We will go through how to connect to a sql server and fetch tables.

To connect to SQL Server, we will use the DBI and ODBC package. Please note you need to create a ODBC connection in Windows using the built in “ODBC Data Source” application.

con <- DBI::dbConnect(odbc::odbc(), "db_name")

Once the connection is create using the code above you can now use dplyr tbl function to query the tables

tbl(con, "table_name")

The table from tbl is a lazy table and to assign it to tibble or data frame we need the collect function.

tbl_tibble <-
  tbl(con, "table_name") |>
  collect()

The above code works fine if your table is under the “dbo” schema, but what if it is on a different schema?

We can use the in_schema function from the dbplyr package.

tbl(con, dbplyr::in_schema("schema", "table_name"))
Warning

There is an issue with nanodbc where NVARCHAR fields are out of bounds for the connection and it wont return a result, I was able to find a solution on stackoverflow here.
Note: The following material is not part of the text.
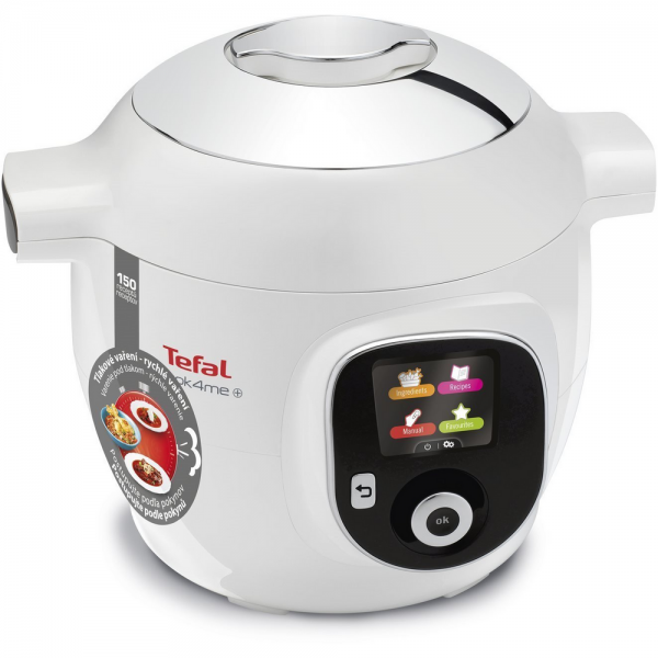 Tefal CY851130 Cook4Me multifunkčný hrniec 6 l, príkon 1 600 W, tlakové varenie, varenie v pare, pečenie aj smaženie, automatické programy, displej, časovač, odložený štart, udržiavanie teploty, vyberateľná nádoba, termostat, naparovač v balení, biela farba.

The code below will basically arrrange the columns in order and the NVARCHAR fields that have CHARACTER_MAXIMUM_LENGTH = -1 will be replaced with 100000 so that they are at the end of select query.

col_names <-
  data_type |>
  mutate(
    col_nm = case_when(
      is.na(CHARACTER_MAXIMUM_LENGTH) ~ 10,
      CHARACTER_MAXIMUM_LENGTH == -1 ~ 100000,
      TRUE ~ as.double(CHARACTER_MAXIMUM_LENGTH)
    )
  ) |>
  arrange(col_nm) |>
  pull(COLUMN_NAME) |>
  paste(collapse = ", ")

query <- paste("SELECT", col_names, "FROM schema.table_name")

tbl(con, sql(query))